In the Gospel of Luke we are given the unique story of Mary and Martha. Martha believed she had her priorities straight. She knew there was work to be done and believed it was her responsibility to complete the tasks before her. Jesus saw things differently.


LUKE 10:38-42

As Jesus and his disciples were on their way, he came to a village where a woman named Martha opened her home to him. She had a sister called Mary, who sat at the Lord’s feet listening to what he said. But Martha was distracted by all the preparations that had to be made. She came to him and asked, “Lord, don’t you care that my sister has left me to do the work by myself? Tell her to help me!”

“Martha, Martha,” the Lord answered, “you are worried and upset about many things, but only one thing is needed. Mary has chosen what is better, and it will not be taken away from her.”


At first it appears that Martha has a legitimate complaint against Mary. Martha is working hard, tirelessly to prepare her home for Jesus. But Mary is sitting at his feet while there is still work to be done.
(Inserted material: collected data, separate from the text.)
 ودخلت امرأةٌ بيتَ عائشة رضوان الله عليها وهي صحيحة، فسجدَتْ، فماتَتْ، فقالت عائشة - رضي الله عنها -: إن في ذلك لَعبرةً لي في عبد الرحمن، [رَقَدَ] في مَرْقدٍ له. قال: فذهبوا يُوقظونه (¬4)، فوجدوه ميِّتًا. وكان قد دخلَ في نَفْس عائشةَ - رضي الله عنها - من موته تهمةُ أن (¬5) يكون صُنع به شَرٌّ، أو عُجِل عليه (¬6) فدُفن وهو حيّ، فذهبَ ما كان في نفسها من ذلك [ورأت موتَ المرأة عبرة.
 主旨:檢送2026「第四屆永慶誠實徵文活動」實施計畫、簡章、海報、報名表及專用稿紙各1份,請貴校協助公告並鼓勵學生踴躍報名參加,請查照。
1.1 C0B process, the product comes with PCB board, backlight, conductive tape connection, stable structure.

Jesus hears Martha’s complaint and his response challenges her to realign her priorities. You see, Mary is listening to the Lord of lords, the King of kings! Mary understands that the work can wait. She understands that what Jesus is saying is more important than sweeping floors or preparing food. You see, Jesus was talking about what he always talked about—his father in heaven, the Kingdom of God, the wedding banquet that will never end.
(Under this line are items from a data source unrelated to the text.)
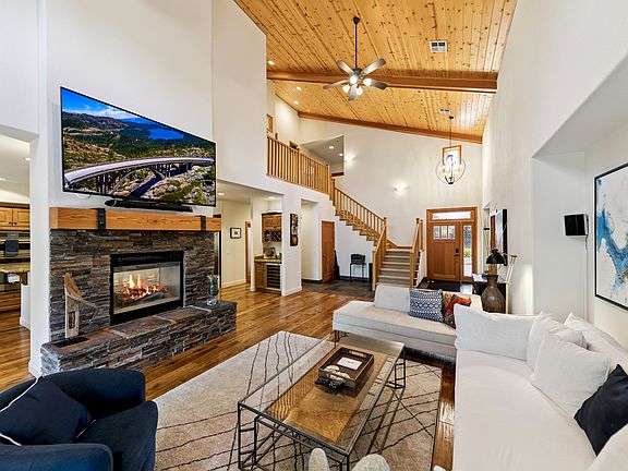 The main level offers a wonderful social area with 20 foot ceilings, hand-scraped hardwood floors and tile, a large fireplace, 86 inch LED television with surround sound and an open concept living-room kitchen area.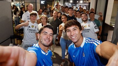 Brahim y Gonzalo protagonizaron un evento organizado por adidas en la Tienda Gran Vía con motivo del lanzamiento de la tercera equipación del Real Madrid para la temporada 2025/26 y de la colección Real Madrid Terrace Icons.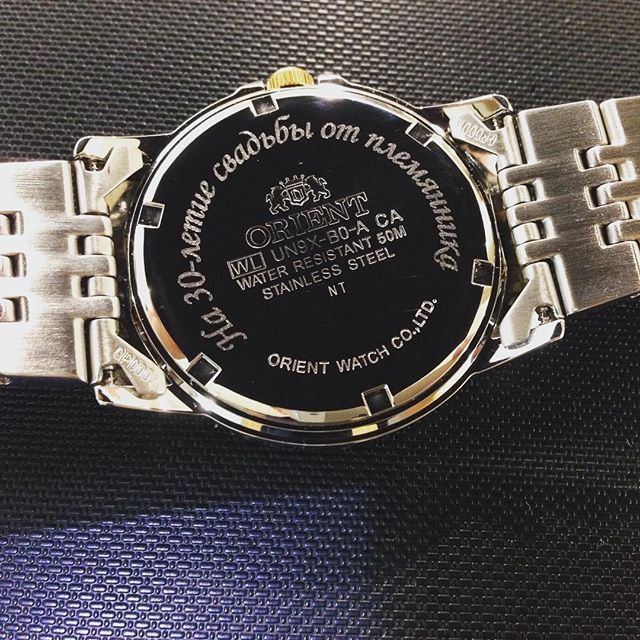 Вот это действительно задача, так задача! Сама по себе гравировка на наручных часах – дело техники. Наши профессиональные мастера нанесут любую надпись, красивые рисунки, используют подходящие шрифты. Работа будет филигранной, можете даже не сомневаться. Посмотрите на фото, и Вы увидите, как красиво выглядит наша гравировка часов в Москве. Но вот придумать важные слова, название, рисунок – это Ваша задача. Изначально должна быть идея, какая же гравировка на часах в подарок необходима. И тут есть два пути: посмотреть, что обычно пишется в особых случаях. Или придумать что-то свое, от сердца. Быть может, это будет что-то личное, важное именно для определенного человека, в особенности, если это гравировка на часах любимому. Даже пара слов может играть важную роль, поэтому стоит довериться своим эмоциям и просто их придумать.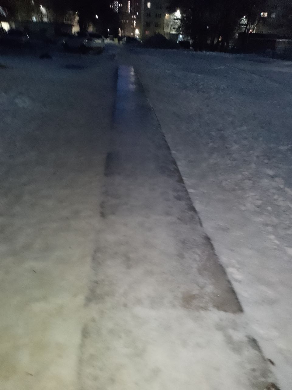 Дорога в школу №79 превратилась в каток, а дети регулярно ходят по ней в школу. При мне упало два ребёнка, очень скользко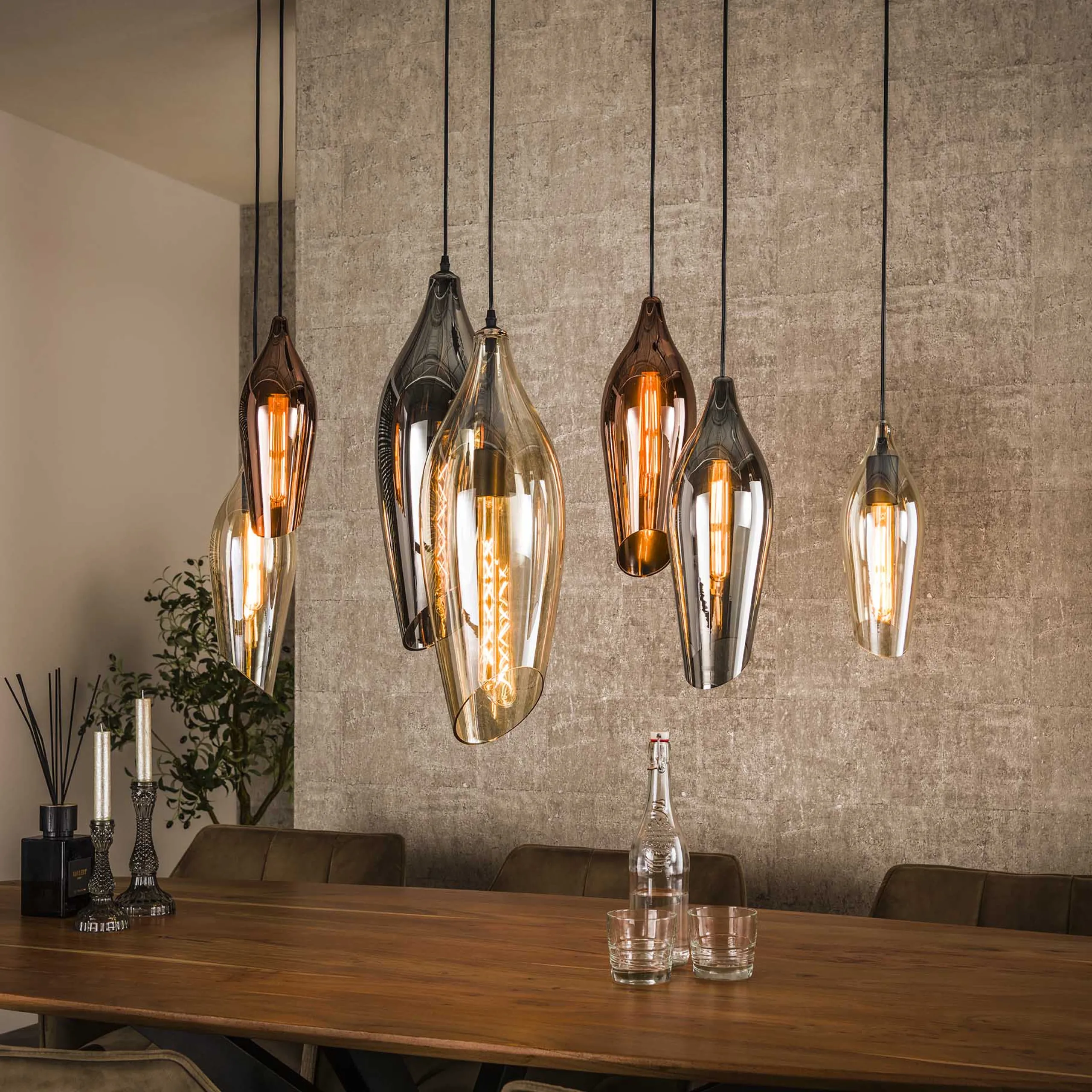 Diese exklusive Hängelampe mit 7 kokonförmigen Glasschirmen verleiht jedem Raum eine stilvolle und moderne Atmosphäre. Die Schirme sind in drei edlen Farben gehalten: Bernstein, Kupfer und Chrom, die ein harmonisches und zugleich dynamisches Farbspiel erzeugen.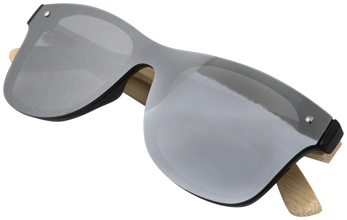 Sluneční brýle se zrcadlovými jednodílnými čočkami a bambusovými nožičkami. S ochranou UV 400.

Like Martha, we often place more value on action, on work, than on listening. We dive into projects designed to better our society. We clean ditches and build parks. We knit quilts and shingle houses, and these things are good, work is good, but work alone is not the Gospel.

The Gospel is the story of the Son of God, who left heaven, was tempted by Satan, and conquered. The Gospel is the story of a Savior who walked in our shoes, was crucified in our place and three days later rose from the dead, thereby removing the sting of death. The Gospel is the story of a perfect and holy God calling out to sinners who are helpless and lost in darkness. Are you listening?

Work is good, but when we place work ahead of the Good News—the fact that we are saved by grace alone through faith alone, then we are in danger of missing the point. And if we miss the point, we miss the wedding banquet of the Lamb.

A few months after my brother-in-law’s wedding, a family portrait taken at the wedding appeared on the wall in my father-in-law’s home. It was a photo of great joy and celebration. I was noticeably absent from the picture. My heart sank as I looked at the photo and my priorities were realigned, but it was too late. I’d missed the wedding!

In heaven, there is a book that lists every individual invited to the wedding banquet of the Lamb and his bride. No good deed can put your name on the list; no amount of work can earn you a seat at the table. It is by faith alone that you are invited to the celebration, and faith comes from hearing the message, the word of Christ (Romans 10:17). Are you listening? He who has an ear, rejoice, for your seat in eternity awaits.